Rückschlag für die Integration

Zweifelhafte Abschiebepraxis

von Redaktion

KATRIN WOITSCH

Ein Flüchtling lebt seit sieben Jahren in Deutschland, hat die Sprache gelernt, Arbeit und Wohnung gefunden. Er ist nicht straffällig geworden, sondern tut alles, um seinen Platz in der Gesellschaft zu finden. Er engagiert sich ehrenamtlich, ist Mitglied in örtlichen Vereinen – und braucht keine finanzielle Unterstützung vom Staat mehr. Trotzdem wird er nach Afghanistan abgeschoben. Das ist die Geschichte von Marof Khail – vermutlich kein Einzelschicksal. Khail ist es gelungen, nach einem Jahr über ein Arbeitsvisum nach Bayern zurückzukehren. Damit wiederum dürfte er wohl eine Ausnahme bleiben. Denn von Kabul aus hätte er die nötige Voraussetzungen ohne die Hilfe seiner Freunde in Deutschland niemals organisieren können.
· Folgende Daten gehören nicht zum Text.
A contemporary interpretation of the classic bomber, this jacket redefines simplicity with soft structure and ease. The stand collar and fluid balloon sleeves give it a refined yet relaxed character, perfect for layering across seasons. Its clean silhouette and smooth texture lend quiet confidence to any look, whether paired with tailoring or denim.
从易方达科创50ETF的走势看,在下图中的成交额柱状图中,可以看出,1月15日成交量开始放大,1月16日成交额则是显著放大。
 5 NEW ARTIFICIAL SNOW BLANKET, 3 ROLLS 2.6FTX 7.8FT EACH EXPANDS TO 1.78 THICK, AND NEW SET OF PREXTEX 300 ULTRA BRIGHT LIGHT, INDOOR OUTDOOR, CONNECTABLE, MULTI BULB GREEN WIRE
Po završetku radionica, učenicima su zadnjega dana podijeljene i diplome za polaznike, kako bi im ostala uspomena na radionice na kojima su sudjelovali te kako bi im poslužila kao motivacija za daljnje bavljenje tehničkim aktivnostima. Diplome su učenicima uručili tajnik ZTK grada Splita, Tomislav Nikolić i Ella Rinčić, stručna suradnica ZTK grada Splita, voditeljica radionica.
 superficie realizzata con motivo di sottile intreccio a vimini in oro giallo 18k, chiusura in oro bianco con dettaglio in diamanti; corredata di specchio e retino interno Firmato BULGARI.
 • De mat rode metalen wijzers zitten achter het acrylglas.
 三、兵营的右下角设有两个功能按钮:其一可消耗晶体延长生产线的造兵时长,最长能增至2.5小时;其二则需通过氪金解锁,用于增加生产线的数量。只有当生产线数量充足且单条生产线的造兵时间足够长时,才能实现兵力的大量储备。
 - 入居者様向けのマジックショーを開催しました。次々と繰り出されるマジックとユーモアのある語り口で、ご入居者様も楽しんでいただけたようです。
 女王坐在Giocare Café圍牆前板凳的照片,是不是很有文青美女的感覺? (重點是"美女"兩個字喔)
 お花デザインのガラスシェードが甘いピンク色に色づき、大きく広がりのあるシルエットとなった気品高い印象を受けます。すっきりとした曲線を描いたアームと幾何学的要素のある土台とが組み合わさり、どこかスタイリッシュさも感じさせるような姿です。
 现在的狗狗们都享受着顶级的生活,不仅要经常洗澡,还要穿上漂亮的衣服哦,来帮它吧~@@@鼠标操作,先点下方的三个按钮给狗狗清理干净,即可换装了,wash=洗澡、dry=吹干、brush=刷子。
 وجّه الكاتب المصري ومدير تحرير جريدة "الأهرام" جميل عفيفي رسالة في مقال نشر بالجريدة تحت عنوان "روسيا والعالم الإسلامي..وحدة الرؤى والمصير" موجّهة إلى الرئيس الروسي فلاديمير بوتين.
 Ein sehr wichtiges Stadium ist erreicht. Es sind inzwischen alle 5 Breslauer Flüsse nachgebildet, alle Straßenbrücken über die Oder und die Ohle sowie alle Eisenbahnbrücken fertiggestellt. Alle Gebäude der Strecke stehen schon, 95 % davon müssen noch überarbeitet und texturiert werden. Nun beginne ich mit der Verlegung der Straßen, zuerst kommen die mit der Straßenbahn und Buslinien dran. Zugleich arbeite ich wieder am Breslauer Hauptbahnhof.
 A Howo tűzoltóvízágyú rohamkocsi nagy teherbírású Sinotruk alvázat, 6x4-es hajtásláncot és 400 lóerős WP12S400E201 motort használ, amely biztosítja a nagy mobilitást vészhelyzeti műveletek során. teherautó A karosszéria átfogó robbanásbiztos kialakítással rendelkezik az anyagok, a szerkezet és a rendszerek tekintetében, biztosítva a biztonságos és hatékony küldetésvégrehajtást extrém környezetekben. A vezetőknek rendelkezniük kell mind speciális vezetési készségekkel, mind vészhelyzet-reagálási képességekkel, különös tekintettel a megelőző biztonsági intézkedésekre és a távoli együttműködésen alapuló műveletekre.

Marofs Geschichte ist für ihn gut ausgegangen – aber sie hinterlässt viele Fragen. Zum Beispiel, warum ein Mann erst nach Kabul geflogen werden muss, bevor er hier leben und arbeiten darf? Dass er ohne staatliche Hilfen zurecht kommt und seinen Beitrag für die Gesellschaft leistet, konnte er schließlich auch vorher schon nachweisen. Geflüchteten, die Ehrgeiz und Integrationswillen bewiesen haben, muss es leichter gemacht werden, sich hier ein Leben aufzubauen. Und wenn sie eine Ausbildung in Berufen beginnen, für die Betriebe kaum Bewerber finden, ist nicht nur ihnen geholfen – sondern auch den Unternehmen.

Dass Migranten, die straffällig werden oder als Gefährder eingeschätzt sind, ihr Recht auf diese Chance verspielt haben, ist unstrittig. Doch mit jeder Geschichte wie der von Marof Khail wächst der Eindruck, dass in den Abschiebe-Flugzeugen oft genau die Falschen sitzen. Das wäre für die riesige Aufgabe Integration, die immer noch vor Deutschland liegt, ein schwerer Rückschlag. Nicht alle Ehrenamtlichen haben die Kraft und die Mittel, so lange für ihre Schützlinge zu kämpfen. Viele geben auf – manchmal auch ihr gesamtes Engagement.